House debates
Monday, 9 February 2026
Private Members' Business
Government Spending
11:52 am
Andrew Willcox (Dawson, Liberal National Party, Shadow Assistant Minister for Manufacturing and Sovereign Capability) Share this | Hansard source
The most expensive sound in Australia today is the silence of a shopfront where the door no longer swings open. It is the heavy, suffocating silence of a ledger book filled with red ink—a ledger that a small-business owner in Mackay or a farmer in the Burdekin stares at late into the night, wondering what went wrong. A financial crisis arrives in the quiet erosion of a bank balance. It's the unsettling realisation that, despite working long hours, despite cutting every luxury, the numbers simply no longer add up.
For the people I represent, the Australian dream is being replaced by a daily struggle of survival. We heard from the Prime Minister last year that interest rate rises were a thing of the past. We were promised a different path. We remember the Prime Minister standing before the nation making a definite vow; he said life will be cheaper under Labor. But as we stand here in 2026 those promises have been shattered. The reality is that Australians are struggling more today than when the Albanese Labor government came to office. Australians are experiencing a Labor-created cost-of-living crisis. It is a mathematical reality that when this government spends, prices rise and it's the families in our regions who pay the price.
I've been speaking to families right across my electorate of Dawson. They've just finished the back-to-school run, and they are looking at the receipts with genuine fear. They're staring down the barrel of a world where everything costs more. Electricity prices are up, insurance prices are up, grocery prices are up, housing prices are up and mortgage costs are up. Mums and dads across Dawson are feeling poorer because they are poorer. They are being governed by an Albanese administration that cannot stop spending taxpayers' money—and, folks, we all know what that means: when Labor run out of money, they come after yours.
This is the highest-spending government in 40 years outside of a global pandemic, with $50 billion of new discretionary spending in the current financial year alone. If a CEO in the private sector presided over a $50 billion blowout in six months, they would be sacked. Why do we have a lower standard? Why are we holding the Treasurer to a lower standard of accountability? Is it any wonder that inflation is soaring?
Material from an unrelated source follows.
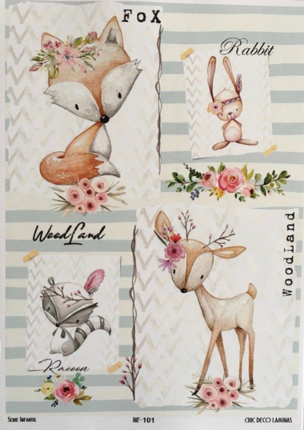 Lámina decoupage tamaño A4 (32x23 cm) diseño animalitos nordicos, codigo INF-101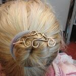 ブロンズから作ったヘアピンです。マット仕上げです。結んだ髪の毛につけてください。

We're seeing $200 million a day pour out of Canberra, much of it on this reckless renewables-only agenda. It's crazy. Independent experts have made it clear: inflation will be higher for longer in Australia because this government refuses to make the hard decisions. As the price of everything continues to climb, families are forced into heartbreaking trade-offs. They are deciding whether to keep their kids' Saturday sport or keep the lights on. What kind of life is that for our Aussie kids?
Our small businesses, our tradies and our manufacturers are on the front line of this failure. Last year alone, 15,000 small businesses closed. Under the Albanese Labor government, Australia has experienced the largest decline in living standards in the developed world. The Treasurer spent last week in this place claiming that government spending had nothing to do with the latest interest rate hike, yet the RBA governor herself has directly refuted this. She confirmed that government spending is a key driver pushing inflation higher. Mortgage holders have been paying, on average, $21,000 more a year in interest since this government took office. That's an extra $400 a week on the Australian dream. That's unbelievable, and that suggests that the burden will increase even more.
If this treasurer cannot understand the problem, he cannot fix it. Under Labor, we are becoming poorer. We should be a nation of prosperity and growth. Farmers know that you can't harvest what you do not sow and that you cannot spend what you do not have. It is a lesson for this treasurer. He has failed Australia. He has failed the economy. He needs to step up, take responsibility and fix this mess. Stop spending money that we simply do not have.